Discussion in 'Malware Help - MG (A Specialist Will Reply)' started by kickshaws, Oct 20, 2011.

  1. kickshaws

    kickshaws Private E-2

    I have just been subjected to the 'Windows phone scam' but unfortunately they got bored with me disbelieving everything they said and they rang off [after a quarter of an hour!] before getting to the nitty gritty. But arising I have a few questions.

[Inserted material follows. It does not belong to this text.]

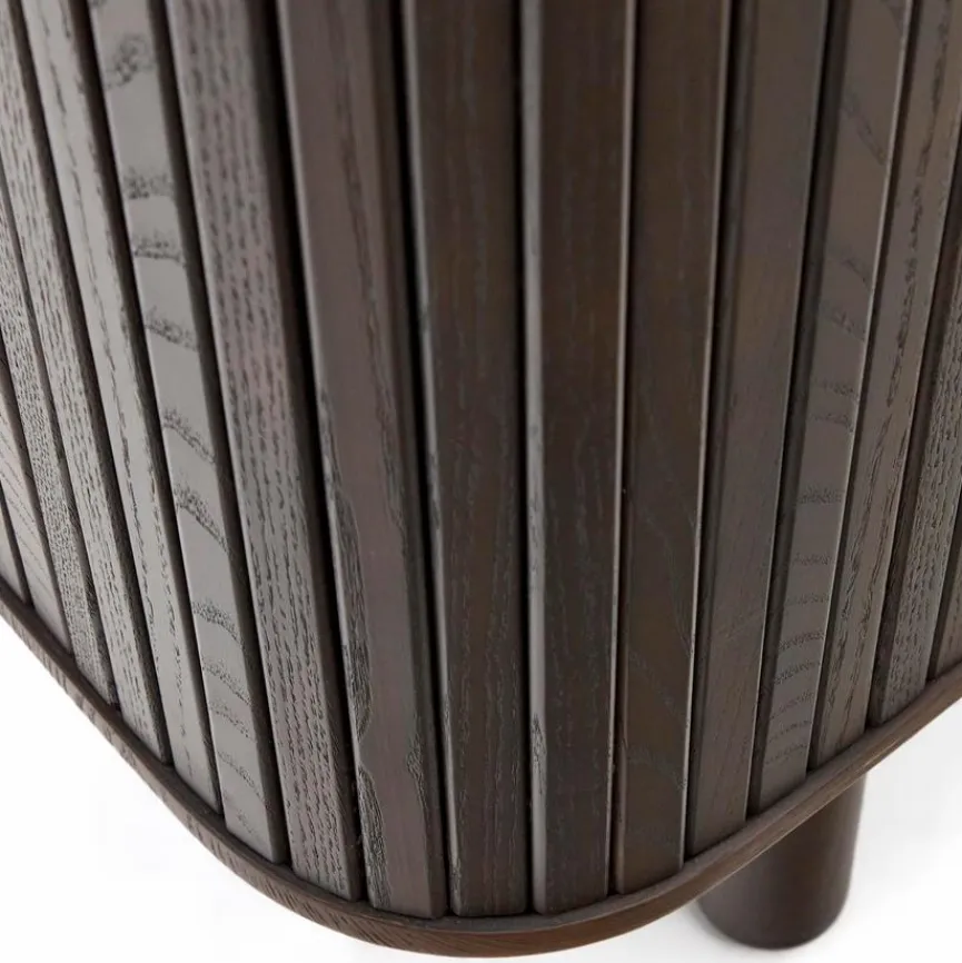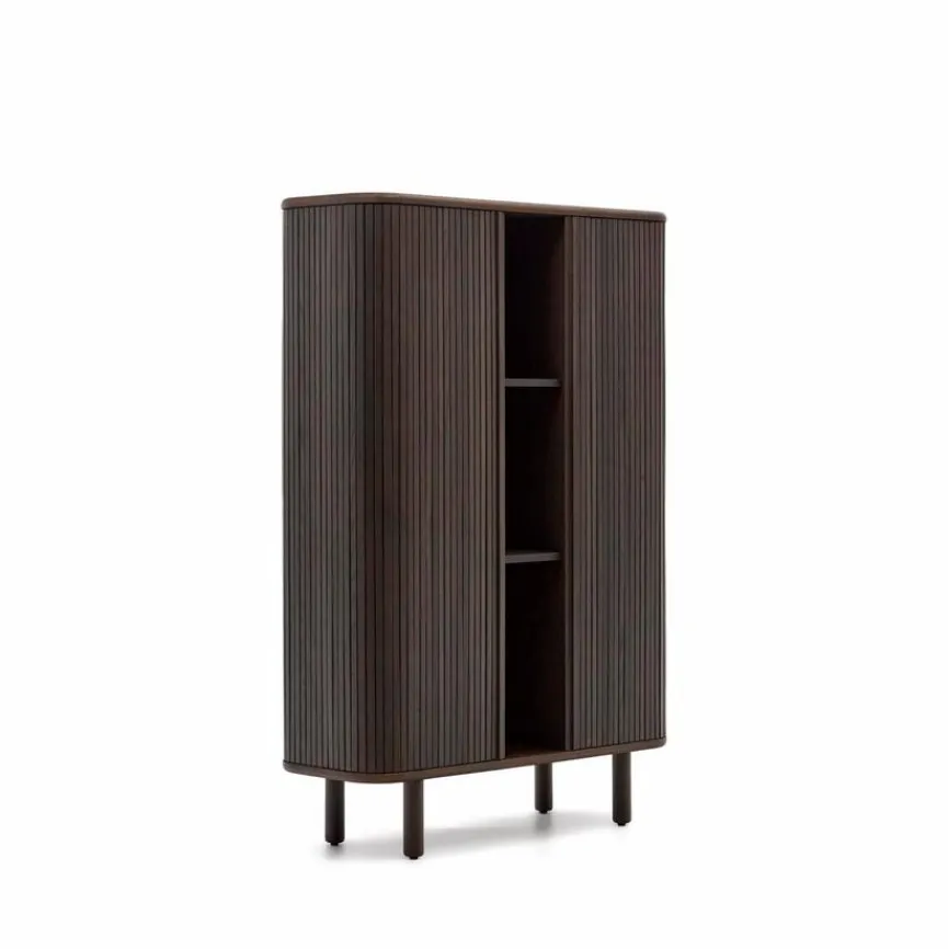 Mit seinem charaktervollen Tambour-Rolladenmöbel-Look ist das Kave Home Highboard Mailen ein fantastischer Eyecatcher. Zwei Schiebetüren im Lamellendesign und abgerundete Korpuskanten geben bei dieser hohen Kommode aus gestalterischer Sicht den Ton an. Ergänzen Sie das Highboard Mailen mit weiteren Elementen aus dieser Kollektion, um für einen einheitlichen Look zu sorgen.

    Scam went something like this. Caller claimed to work for a company licensed by Microsoft. Call arose because of error messages logged by MS indicating my pc had been hacked. To 'prove' they were bona fide they would read to me a SECRET and UNIQUE number known ONLY to MS and my computer. This number referred to by caller as the CLSID

    Stage 1 of the scam was to RUN: cmd then at the prompt enter: assoc which produces a screen of stuff towards the bottom of which is a long string something like this where x= a letter and 1= a number: <111xxx11-xx1x-11xx-1x1x-11x11xx1x111>

    Caller read out the string and I confirmed it was correct. [I had meanwhile booted up another computer and gone through same rigmarole and noted the CLSID was exactly the same! so not very unique.] As further 'proof' that my system was 'hacked' I was instructed to RUN: inf then asked did I recognise any of the files displayed! No I dutifully answered. How many are there? Hundreds I said. "Ooooh my goodness gracious me how terrible!" they said. "There you are; all those naughty files are hacking files!" "Blimey" I said.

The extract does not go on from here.